Thanks to the wider spread of high-throughput experimental techniques, biologists are accumulating large amounts of datasets which often mix quantitative and qualitative variables and are not always complete, in particular when they regard phenotypic traits. In order to get a first insight into these datasets and reduce the data matrices size scientists often rely on multivariate analyses. However such approaches are not always easily practicable in particular when faced with mixed datasets with missing values. Moreover displaying large numbers of individuals leads to cluttered visualizations which are difficult to interpret.

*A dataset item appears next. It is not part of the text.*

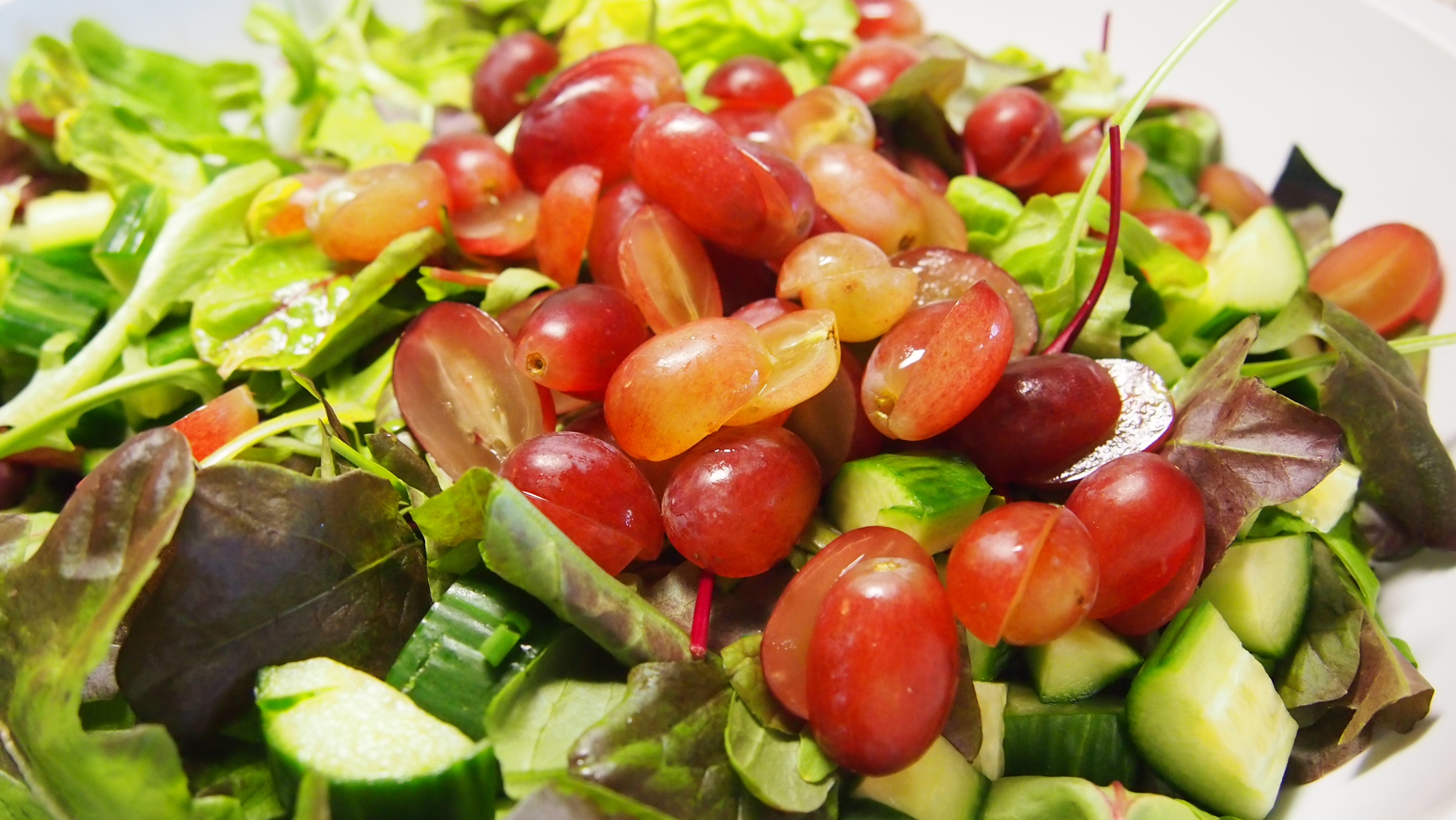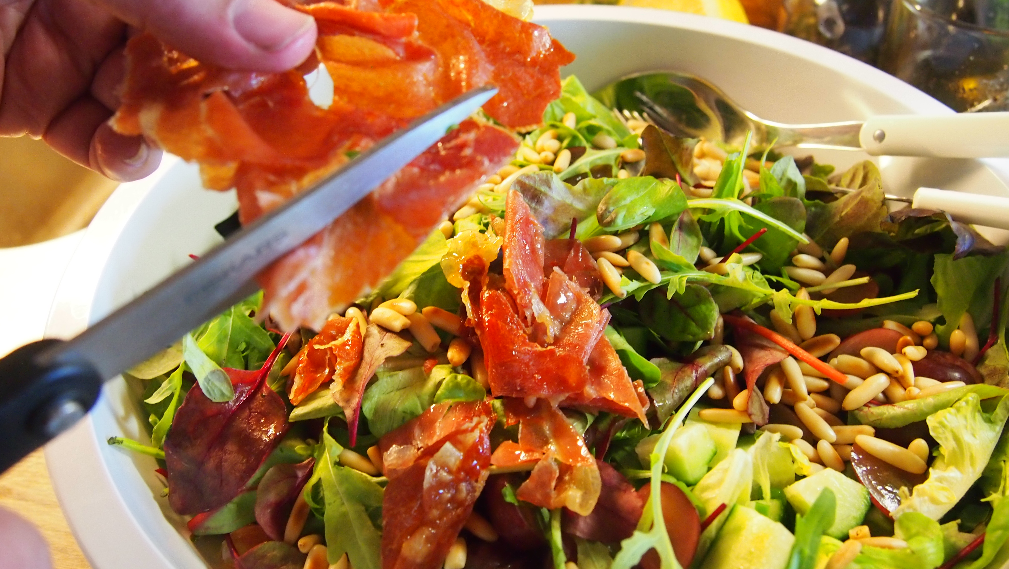 Salaatin ohje on peräisin jumppakamulta ja se on loistava kesäsalaatti; siinä yhdistyy hyvällä tavalla viinirypäleiden makeus ja parmankinkun suolainen maukkaus. Kokkailussa oli apuna kissanpentumme pörröinen veli.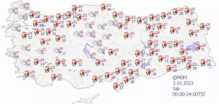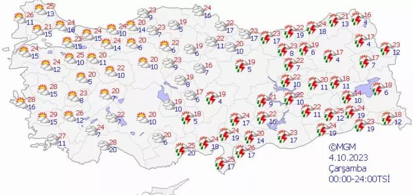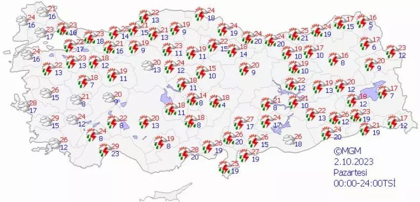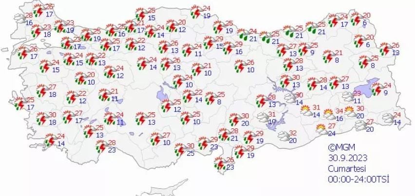 Meteoroloji Genel Müdürlüğü tarafından yapılan son değerlendirmelere göre: Ülke genelinin parçalı ve çok bulutlu, Marmara’nın doğusu, Ege, Akdeniz, İç Anadolu, Karadeniz, Doğu ve Güneydoğu Anadolu’nun (Şanlıurfa hariç) sağanak ve gök gürültülü sağanak yağışlı geçeceği tahmin ediliyor. Yağışların: Marmara’nın doğusu, İç Anadolu’nun doğusu, Batı ve Orta Karadeniz, Doğu Karadeniz kıyıları, Adana, Hatay, Osmaniye, Ankara, Erzincan, Tunceli, Elazığ, Bingöl, Muş, Bitlis, Diyarbakır, Batman ve Siirt çevrelerinde yerel olmak üzere kuvvetli, Kocaeli, Sakarya ve Düzce çevrelerinde yer yer çok kuvvetli olması bekleniyor.

We introduce a new methodology to overcome these limits. The underlying principle consists in (i) grouping similar individuals, (ii) representing each group by emblematic individuals we call archetypes and (iii) build sparse visualizations based on these archetypes. As a preliminary step to the clustering we design a new semantic distance tailored for both quantitative and qualitative variables which allows a realistic representation of the relationships between individuals. This semantic distance is based on ontologies which are engineered to represent real life knowledge regarding the underlying variables. Our approach is implemented as a Python pipeline and illustrated by a rosebush dataset including passport and phenotypic data.
The introduction of our new semantic distance and of the archetype concept allows us to build a comprehensive representation of an incomplete dataset characterized by large proportion of qualitative data. The methodology described here could have wider use beyond information characterizing organisms or species and beyond plant science. Indeed we could apply the same approach to any incomplete mixed dataset.